TASK TO COMPLETE: From the records below, copy the lines that include "with".

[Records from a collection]
□ □ □ □ □ □ □
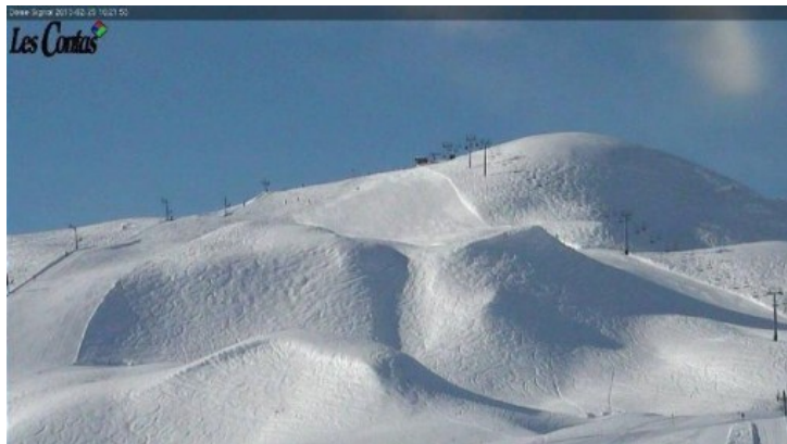
Blues skies across most of the northern French Alps this morning. This is Les Contamines - Photo: www.lescontamines.com

There will be little change on Wednesday and Thursday except that temperatures will begin to rise and it will feel noticeably milder.
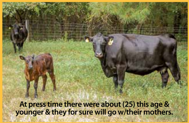
At press time there were about (25) this age & younger & they for sure will go w/their mothers.
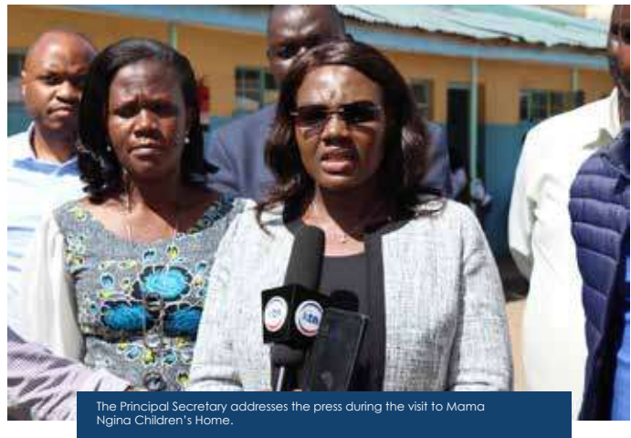
The Principal Secretary addresses the press during the visit to Mama Ngina Children's Home.
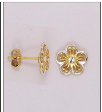
ER1821122T WT: 1 gm
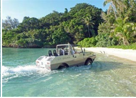
Amphibious Jeep landing
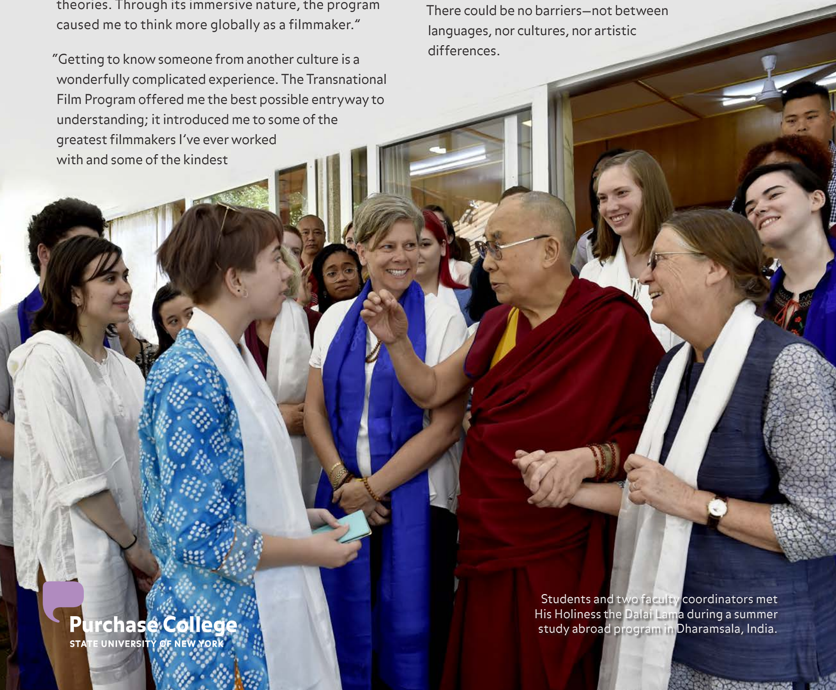
Students and two faculty coordinators met His Holiness the Dalai Lama during a summer study abroad program in Dharamsala, India.

friends I'll ever have. The Transnational program allows for cultural exchange through an artistic lens. Rather than one culture learning about another, each individual had the space to share their experiences and juxtapose them freely against others. This process was enhanced by our task at hand: to create a film. Immediately, we understood that we had to work as a team both emotionally and creatively. There could be no barriers—not between languages, nor cultures, nor artistic differences.
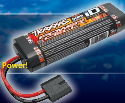
7.2 Volts of Power!
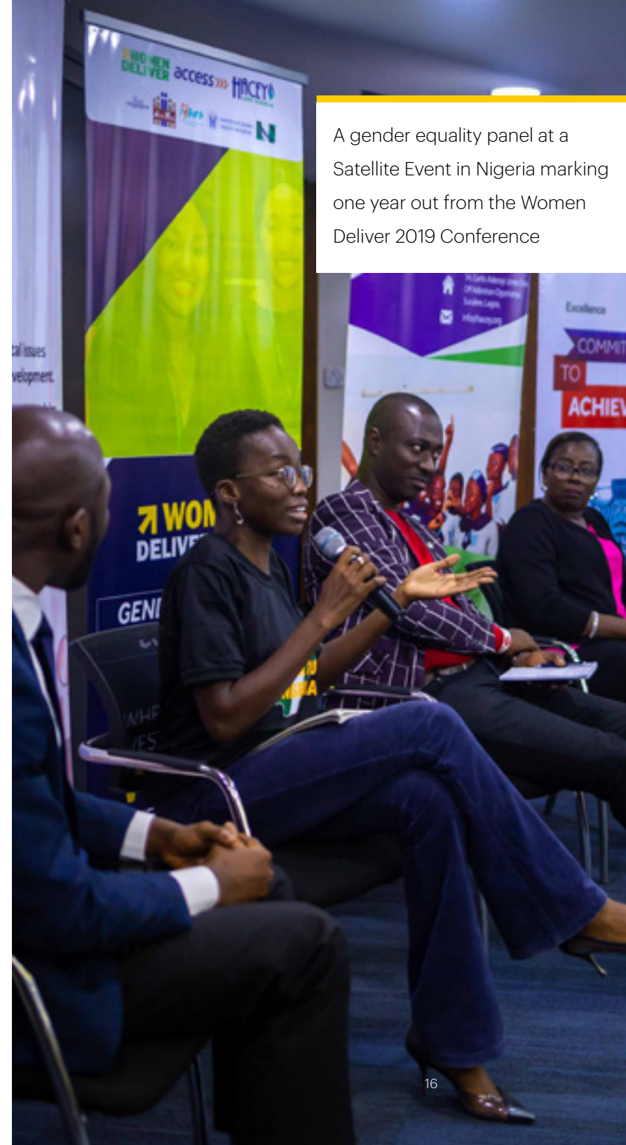
A gender equality panel at a Satellite Event in Nigeria marking one year out from the Women Deliver 2019 Conference

Finally, we'd love to learn what worked best for your unique event, so please feel free to share your own thoughts and ideas with our Satellite Event coordinator!
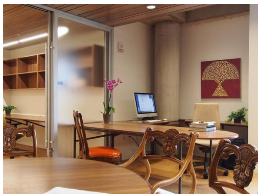
Office at the EODIAH headquarters at UT Dallas.

In the meantime, we are gearing up to welcome ten 2015-2016 research fellows to the O'Donnell Institute, where they will pursue projects on topics ranging from Byzantine icons to nineteenth-century landscape. They are introduced in this edition of the newsletter, and we hope you will have the chance to meet them and engage with their work.
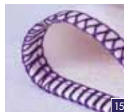
4-thread overlock Seam, overcast the edge and trim away excess fabric in one step. For all seams where stretch or give is needed, such as neck edges, side seams, sleeves.
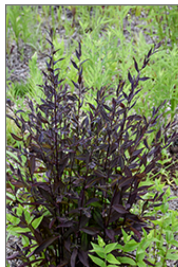
Lady In Black Calico Aster foliage
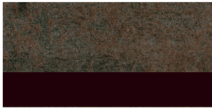
Corten, brown edge
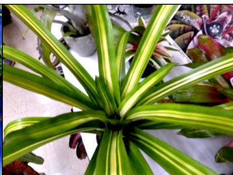
Aechmea 'Blue Tango' variegated
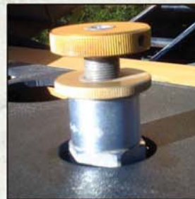
Oscillation control valve - select the exact amount of screen oscillation for varying conditions
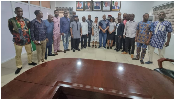
Members of NYCOP During their Visit to the Project Coordination Office
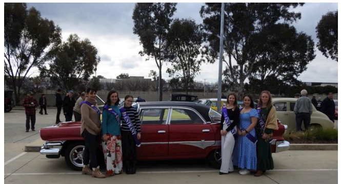
Miss Wagga Entrants braved the wintry day to help out
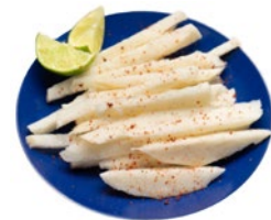
Jicama tossed with chili powder and lime juice
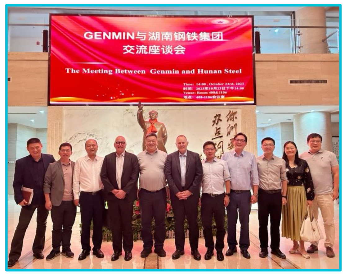
Figure 2: Genmin delegation in China, meeting with Hunan Steel, October 2023
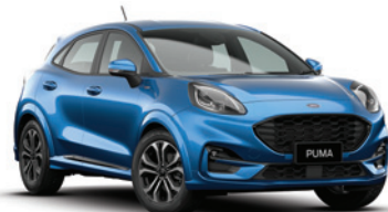
Desert Island Blue
□ □ □ □ □ □ □
SOLUTION TO THIS EXERCISE:
Finally, we'd love to learn what worked best for your unique event, so please feel free to share your own thoughts and ideas with our Satellite Event coordinator!
In the meantime, we are gearing up to welcome ten 2015-2016 research fellows to the O'Donnell Institute, where they will pursue projects on topics ranging from Byzantine icons to nineteenth-century landscape. They are introduced in this edition of the newsletter, and we hope you will have the chance to meet them and engage with their work.
Jicama tossed with chili powder and lime juice
Figure 2: Genmin delegation in China, meeting with Hunan Steel, October 2023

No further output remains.